PwC is trimming its workforce across the Middle East, with around 1,500 employees and 60 partners expected to be laid off, according to media reports. 

The reports suggest that the layoffs, which began earlier this year, are the result of losses from a downturn in consulting demand across the Gulf, compounded by an interim ban from Saudi Arabia’s Public Investment Fund (PIF) on awarding new advisory and consulting contracts to PwC until February 2026. The ban did not stem from regulatory or legal issues but rather from a client-specific disagreement with PIF. 

As Gulf Magazine quoted, “PIF takes its partnerships seriously. Any misalignment in staffing or strategy can prompt swift action, as seen in this case.” The report also hinted that PwC had attempted to poach top executives from Saudi Arabia’s high-profile projects, which led to a breach of trust. 
Following the ban, PwC sought to restore relations with PIF by taking corrective measures, including the removal of senior executives from the region. This also triggered the resignations of Mohamed ElBorno, Head of Assurance, and Emma Campbell, Head of Partner Affairs in the Middle East. However, as the year-long ban persisted, the demand for advisory services continued to slow, causing PwC to incur heavy losses. This ultimately led to significant layoffs, largely impacting consulting roles.

“The restructuring affected both partners and rank-and-file employees across the Middle East offices,” media reports added. While PwC cut its workforce, compensation for partners in the UK and Middle East businesses remained largely unchanged. 

According to a Bloomberg report, partners earned an average of USD 1.18 million in the year ending June 30. This stagnation reflects broader pressures on the firm’s profitability, particularly in light of declining deal activity.

The job cuts also included some partners from the UK and Middle East regions as part of ongoing internal restructuring during the financial year.

PwC’s overall revenues showed minimal growth, rising slightly to $8.35 billion USD in 2025 from $8.31 billion USD the previous year.

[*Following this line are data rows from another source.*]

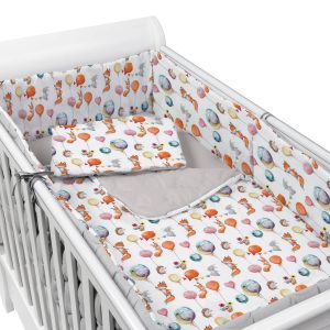 Set lenjerie matlasata 5 piese Kidizi Baloon Friends, include perna, plapumioara, aparatoare si cearceaf
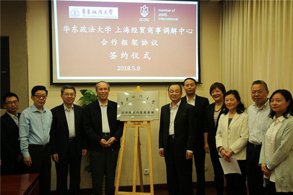 5月9日下午,我校与上海经贸商事调解中心合作框架协议签约仪式在该中心举行。上海现代服务业联合会会长、上海经贸商事调解中心名誉主任周禹鹏,上海现代服务业联合会副会长、调解中心管委会主任巢卫林,调解中心主任张巍,调解中心副主任兼秘书长李海歌,我校党委副书记、纪委书记应培礼,科研处副处长卢勤忠,法律硕士教育中心副主任陈颐,继续教育学院副院长左丽珺,社会协同合作处副处长王美丽出席会议。会议由李海歌主持。
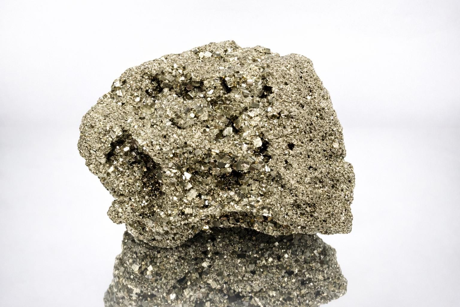 The mineral pyrite, or iron pyrite, also known as fool's gold, is an iron sulfide with the chemical formula FeS2. This mineral's metallic luster and pale brass-yellow hue give it a superficial resemblance to gold, hence the well-known nickname of fool's gold.
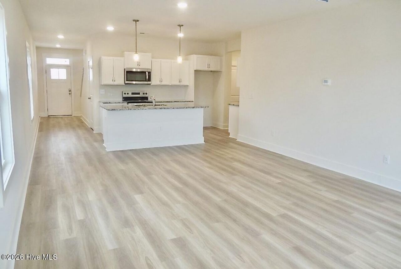 This well designed living space features 3 bedrooms and 2.5 baths in the new Brookfield Branch community. This home features a desirable primary suite on the main level and an open concept kitchen, dining, and living area. The kitchen includes granite countertops, pendant lights, and white shaker cabinetry, while the bathrooms feature quartz countertops, white shaker cabinets, and a tile shower in the primary bath. LVP flooring is featured throughout the home. There are planned community amenities including a pool, open-air clubhouse, playground, fire pit gathering area, sidewalks, and streetlights throughout. The home is located in Hampstead in the Topsail School District and a short drive to beaches, shopping, and dining. Reach out today for more information!
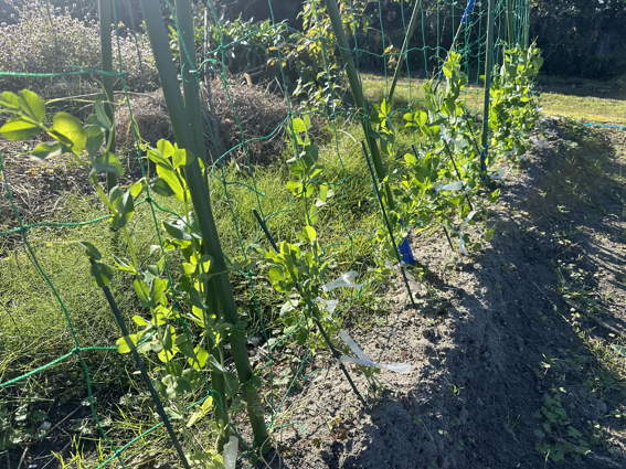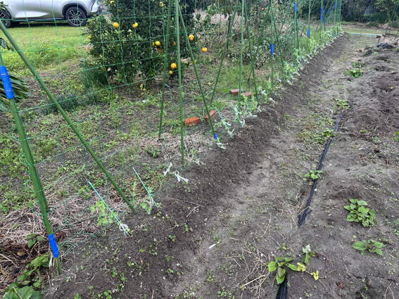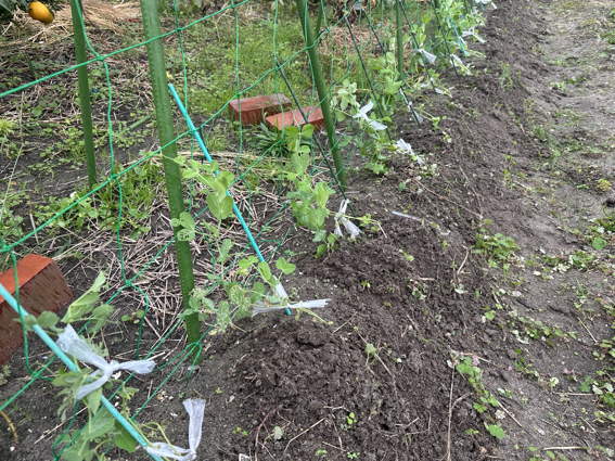 スナップエンドウがネットに巻き付くようにしばっておきました
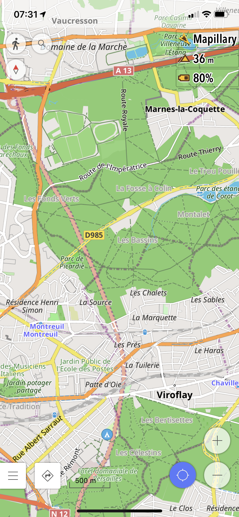 Il faut d’abord disposer d’un document numérique capable de visualiser les chemins AVEC PRECISION (sentiers ordinaires, GR, PR balisés, route de Compostelle..etc..) , les courbes de niveau , les points remarquables pouvant servir de repère (église, château d’eau, voie de chemin de fer..) Cette précision et ce détail doivent être équivalents à ceux des cartes au 1:25000e papier. Encore faut que le développeur de l’App s’y soit intéressé ou que le randonneur sache correctement paramétrer son App entre usage à pied, en vélo, en bagnole , usage urbain ou outdoor.
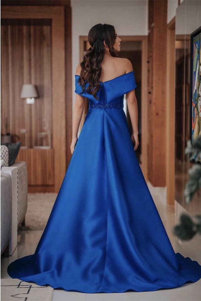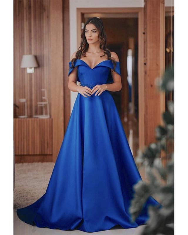 Item Description: Charming Satin Floor Length Gowns Featuring V-neckline,Off Shoulder With Empire Waistline,Zipper Back.Perfect For Evening,Prom,Formal Or Any Other Special Occasions !
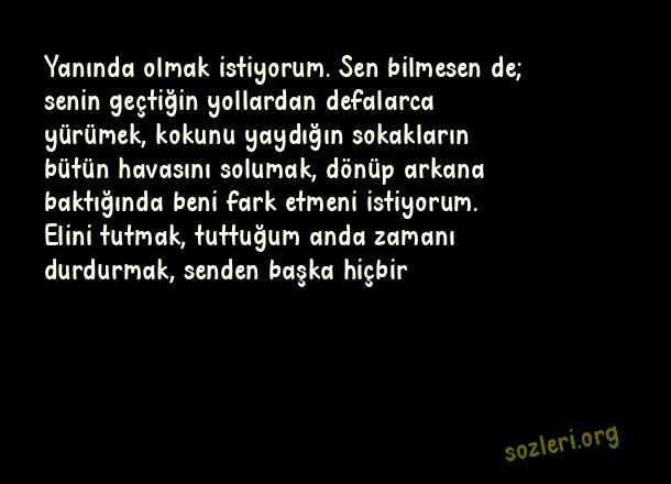 Yanında olmak istiyorum. Sen bilmesen de; senin geçtiğin yollardan defalarca yürümek, kokunu yaydığın sokakların bütün havasını solumak, dönüp arkana baktığında beni fark etmeni istiyorum. Elini tutmak, tuttuğum anda zamanı durdurmak, senden başka hiçbir ( Yanında Olmak )
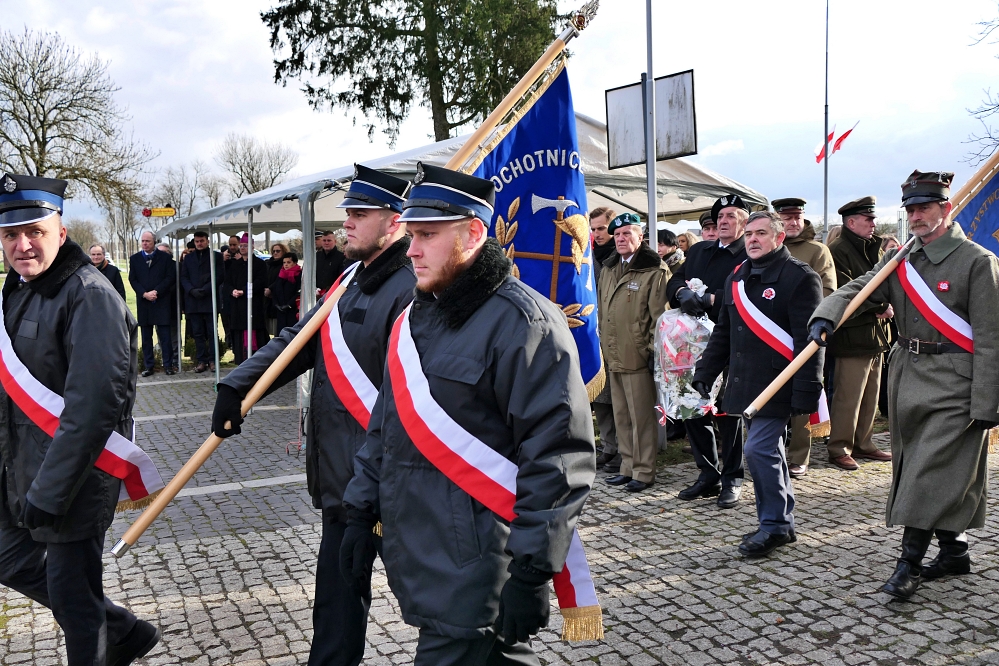 Nie zabrakło również przedstawicieli OSP Słońsk, którzy wystawili poczet sztandarowy i złożyli kwiaty przed pomnikami.

The UK market remained steady at $5.52 billion USD, while Middle East revenue held flat at $2.61 billion USD. The muted revenue performance follows several years of declining M&A activity and tougher economic conditions, both globally and within the Gulf Cooperation Council (GCC) countries. 

In 2022, when M&A was booming, PwC’s average partner pay had topped $1.31 million USD, a figure that now seems difficult to sustain as economic tailwinds have diminished. 

Currently, the list of partners in the Middle East includes Muhannad Al-Qaddomi, Abdelkhaleq Ahmad, Ammar Hindash, Riyadh Al Najjar, Rami Nazer, Sally Jeffery, and Eyhab Abdeen. However, PwC has not disclosed the names of the partners who have been laid off.